How the Changing Chassis Market Affects Your Supply Chain

The change in marine chassis provisioning continues to be of concern to maritime shippers, thanks to a long-term trend of separating ocean transportation from inland logistics. That trend began in the mid-2000s, when carriers limited the inland destinations they would serve.

As ocean carriers are disintermediated from the market, chassis users and providers will develop direct commercial relationships. This means chassis providers will need to make the major shift from having a handful of customers on long-term contracts to having thousands of customers on short contracts, some lasting only one day. This major change requires new systems, processes, and skill sets.

The market will see a distinct separation of the roles of chassis provider and pool manager. The chassis provider will benefit from possession of the asset, and maintain a commercial relationship with the end user. The pool manager becomes an important partner, providing the chassis owner with a local footprint.

Transparency and cost allocation are major drivers of ocean carriers’ divestment of chassis. As the cost of a chassis becomes more visible, and is paid for more directly by the end user, transparency and yield management grow more important. The industry is already seeing this with the confusion surrounding simple invoicing.

The issue becomes increasingly complex as all players in the supply chain start viewing chassis management as a differentiator, either through efficient cost control or revenue opportunity. Transparency and forecasting are key to chassis management, and new technologies and tools are already coming to market to satisfy these needs.

As chassis become managed like any other resource, a robust spot and short-term leasing market will develop, which enables users to flex their equipment costs based on demand. This market segment will be particularly robust when it comes to specialized equipment. Truckers don’t need to keep expensive tri-axle or upgraded chassis in inventory in anticipation of needing the unit. They can offer more flexible and specialized services while keeping costs low.

The most significant long-term effect of this change is that warehouses and distribution centers need to change their planning models dramatically. When the cost of a chassis is accounted for, storing cargo in mounted containers becomes expensive. Warehouses need proper workload planning to reduce dwell time, perhaps shifting to live unload models.

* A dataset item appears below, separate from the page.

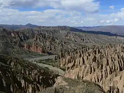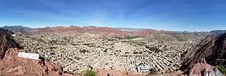 Tupiza is a city in Potosí Department, Bolivia. It is located at an elevation of about 2850 m. The population is 25,709 (2012 estimate). Tupiza and its environs are characterized by dramatic red escarpments which jut ruggedly skyward from the coarse, gray terrain; green agricultural land adjacent to the nearby Tupiza River provides welcome respite from the otherwise arid, thorny surroundings. The area quebradas are susceptible to flash flood runoff from sudden cloudbursts.[1]

The shift from a drop/pick operational model to live appointments is significant. It not only impacts planning and labor, but also makes the most favorable yard/door/floor ratios look very different.

Leaders Will Emerge

Ultimately, the chassis market will become like many others, where the most successful providers compete externally with superior service, the best locations, and quality equipment. Users can leverage advanced systems and processes to ensure they create value from the chassis they use.

Innovative companies are already applying new tools and systems to remain ahead of the pack. With the rapid changes in the chassis market, companies must consider and invest in chassis management to remain leaders in their industries.